AG Schneiderman’s office denied the request, claiming that the documents were exempt from disclosure. CEI challenged the denial in a lawsuit, CEI v. The Attorney General of New York, filed in New York State court on August 31, 2016. AG Schneiderman moved to dismiss the case. Among his claims was that the lawsuit was moot because a copy of the agreement, released by some other source, had become available on the Internet.
On November 22, 2016, the court ruled in favor of CEI, holding that CEI was entitled to an official copy of the agreement. It characterized AG Schneiderman’s claims as “nothing more than a parroting of statutory language, and thus a complete failure of its obligation ‘to fully explain’” its refusal to produce the document. The court also invited CEI to file for attorney fees under the New York FOIL.
When CEI submitted its attorney fee petition, the AG Schneiderman challenged it, and also took issue with the court’s FOIL ruling. On April 19, 2017, the court granted CEI’s fee petition in large part, and once again criticized AG Schneiderman’s failure to comply with New York’s FOIL.
AG Schneiderman appealed the court's fee award. Briefing in the appeal is complete.
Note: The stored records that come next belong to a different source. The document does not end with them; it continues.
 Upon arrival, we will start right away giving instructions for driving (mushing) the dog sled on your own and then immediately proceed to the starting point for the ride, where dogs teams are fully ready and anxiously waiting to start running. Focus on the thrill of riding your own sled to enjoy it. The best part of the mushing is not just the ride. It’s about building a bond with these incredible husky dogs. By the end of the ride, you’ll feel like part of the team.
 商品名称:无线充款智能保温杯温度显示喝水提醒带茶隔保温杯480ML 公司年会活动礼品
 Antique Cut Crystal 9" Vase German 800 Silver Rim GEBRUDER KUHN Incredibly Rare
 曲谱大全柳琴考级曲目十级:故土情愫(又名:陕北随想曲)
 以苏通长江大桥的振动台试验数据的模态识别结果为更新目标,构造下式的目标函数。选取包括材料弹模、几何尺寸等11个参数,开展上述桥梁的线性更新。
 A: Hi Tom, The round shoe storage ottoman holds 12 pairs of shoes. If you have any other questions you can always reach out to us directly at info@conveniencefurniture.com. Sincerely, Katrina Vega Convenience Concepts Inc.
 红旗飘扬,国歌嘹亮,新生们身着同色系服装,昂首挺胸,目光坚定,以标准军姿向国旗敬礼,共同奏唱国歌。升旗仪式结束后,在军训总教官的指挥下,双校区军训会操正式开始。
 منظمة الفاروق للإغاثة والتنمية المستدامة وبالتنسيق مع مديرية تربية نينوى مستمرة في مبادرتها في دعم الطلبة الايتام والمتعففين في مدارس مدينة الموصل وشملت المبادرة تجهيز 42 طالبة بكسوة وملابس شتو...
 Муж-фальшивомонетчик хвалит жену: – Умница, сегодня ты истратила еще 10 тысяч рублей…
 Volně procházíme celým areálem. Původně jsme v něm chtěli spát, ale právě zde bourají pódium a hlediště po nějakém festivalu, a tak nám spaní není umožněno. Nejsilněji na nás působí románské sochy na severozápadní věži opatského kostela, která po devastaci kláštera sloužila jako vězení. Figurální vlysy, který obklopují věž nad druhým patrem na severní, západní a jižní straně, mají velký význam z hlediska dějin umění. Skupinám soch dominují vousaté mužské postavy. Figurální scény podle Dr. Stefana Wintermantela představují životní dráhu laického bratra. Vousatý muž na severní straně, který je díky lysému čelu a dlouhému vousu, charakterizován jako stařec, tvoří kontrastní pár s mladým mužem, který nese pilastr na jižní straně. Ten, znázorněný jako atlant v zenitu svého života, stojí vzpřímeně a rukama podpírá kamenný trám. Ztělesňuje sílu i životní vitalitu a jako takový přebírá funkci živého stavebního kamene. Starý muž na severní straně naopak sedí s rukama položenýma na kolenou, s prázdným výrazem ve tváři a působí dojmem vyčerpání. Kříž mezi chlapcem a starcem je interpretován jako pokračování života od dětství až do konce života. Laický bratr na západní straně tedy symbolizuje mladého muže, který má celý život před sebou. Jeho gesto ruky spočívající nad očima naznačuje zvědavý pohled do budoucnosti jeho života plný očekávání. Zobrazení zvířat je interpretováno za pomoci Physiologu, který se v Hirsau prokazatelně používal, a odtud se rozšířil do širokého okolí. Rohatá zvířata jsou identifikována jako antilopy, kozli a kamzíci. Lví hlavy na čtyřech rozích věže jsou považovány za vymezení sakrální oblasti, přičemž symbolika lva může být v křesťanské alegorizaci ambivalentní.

Oral argument expected to be heard in late March 2018.
November 20, 2017
On May 2, 2017, CEI's Center for Class Action Fairness (CCAF) filed an objection on behalf of a class member to the proposed settlement in Kumar v. Salov North America Corp. This is a settlement over claims marketers of Filippo Berio olive oil deceived consumers by including the label “Imported from Italy” on their olive oil bottles, when many of the olives used to make the olive oil came from Greece, Tunisia, and elsewhere.
The settlement provides up to $5, without proof of purchase, to any consumer who is willing to attest that they relied on the product's “Imported from Italy” labeling when purchasing it. This limitation applies even though the class includes everyone who made a purchase, regardless of whether they relied on the “Imported from Italy” labeling. The settlement also enjoins Defendant from using the phrase “Imported from Italy” on its products - which matches what the company has been doing since 2015. The settlement provides attorneys’ fees and expenses of $982,500, which is four times the amount of cash they “won” for class members—a mere $210,985.
CCAF is challenging class certification, settlement fairness, and attorneys’ fees in this case. The fairness hearing was held on May 30, 2017, in Oakland, California. On July 7, 2017, the district court granted final approval of the settlement, even though more than 80 percent of the settlement fund would go to class counsel rather than the class members.
CCAF has appealed this decision to the Ninth Circuit and its opening brief was filed on November 20, 2017.
Read more about the Center for Class Action Fairness here.
November 13, 2017
CEI v. State Department seeks records under two Freedom of Information Act requests for documents relating to the December 2015 Paris climate agreement, including regarding State’s arguments about Paris’s “legal form”. Requests were sent Oct. 6 and Oct. 10, 2017, for emails of Trigg Talley, presently in Bonn at the Paris treaty talks, and Alexandra Costello, a Hill liaison who, a previous FOIA productions shows, corresponded with aides including Senate FRC Chairman Corker’s lawyer, to calm concerns after the NYT reported in August 2014 that Obama would declare Paris was not a treaty. Corker’s lawyer objected to the “disturbing contempt” for the Senate’s constitutional treaty role. CEI seeks to educate the public on State’s efforts to avoid Senate scrutiny.
October 5, 2017
The Competitive Enterprise Institute sued the Department of Justice for emails from former Attorney General Loretta Lynch’s alias email address that used the name “Elizabeth Carlisle." In yet another example of a high ranking official in the Obama administration using an alias email address, CEI sought emails from the Carlisle account which were to or from Rhode Island Senator Sheldon Whitehouse. To date the DOJ has failed to provide any response to CEI’s August, 2017, Freedom of Information Act request for these emails, so CEI is suing the department. CEI noted in its original FOIA request, a colloquy between former Attorney General Lynch and Sen. Sheldon Whitehouse at a March 2016 hearing of the Senate Committee on the Judiciary addressing Justice Department Operations. Ms. Lynch, responding to Sen. Whitehouse’s question about using the Racketeer Influenced and Corrupt Organizations Act, or RICO, against political opponents of the ‘climate’ agenda, stated:
“This matter has been discussed. We have received information about it and have referred it to the FBI to consider whether or not it meets the criteria for which we could take action on”.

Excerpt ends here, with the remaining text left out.